Op basis van de eigen collectie werpt de omvangrijke tentoonstelling Amsterdam Magisch Centrum, Kunst En Tegencultuur 1967–1970, nieuw licht op de radicale vernieuwingen en de artistieke en maatschappelijke experimenten van die tijd. Tegencultuur, experiment en underground rukken op vanuit de marge en nemen vanaf 1967 een opmerkelijk dominante positie in het culturele leven van de stad in.
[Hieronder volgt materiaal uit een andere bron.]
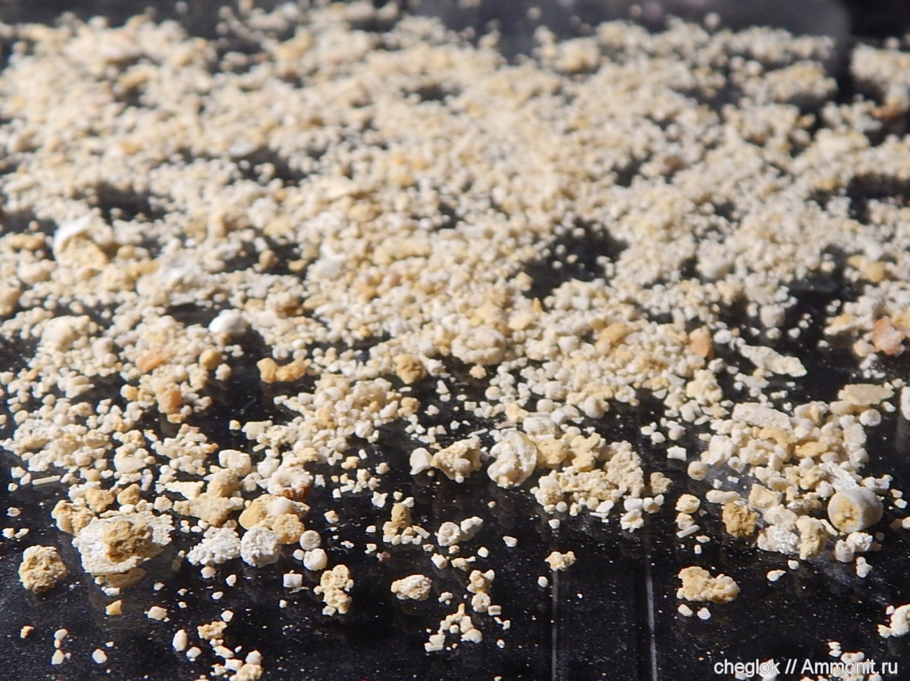 Обещанная Татьяне фотография. Порода из Русавкино, подвергавшаяся растворению. На мелком сите остался отсев, на мой взгляд почти на 50, а то и более процентов состоит из малюсеньких и чуток поболее члеников лилий. Похоже, мелких лилий там было много. Жаль, целыми они не попадаются пока. Фото под другим углом Фото

In die tijd verandert de beeldende kunst ingrijpend. Kunstenaars verzetten zich tegen de gevestigde orde en gaan op zoek naar nieuwe podia; op straat, in tijdschriften of op tv. Het idee wordt belangrijker dan de (traditionele) vorm – kunst kan ook een gebeurtenis zijn, een ingreep in de stad of een televisieprogramma als Hoepla. Humor en ironie zijn geliefde middelen om de gevestigde orde en de hoge, verheven kunst mee te bespotten.
Het Stedelijk Museum, dat na de oorlog een huis voor de avant-garde was geworden, speelt daarbij een dubbelrol: enerzijds is het een moderne voorvechter van het nieuwe – met onder meer de tentoonstelling Op losse schroeven in 1969 – anderzijds wordt het door de ‘kritiese’ buitenwacht bestempeld als een behoudend bolwerk voor elitaire kunst.
De reputatie van Amsterdam als stad waar alles mogelijk is, is dan definitief gevestigd. Amsterdam ontpopt zich tot een progressieve en artistieke vrijplaats, en oefent met zijn internationale karakter een grote aantrekkingskracht uit op jongeren uit de hele wereld.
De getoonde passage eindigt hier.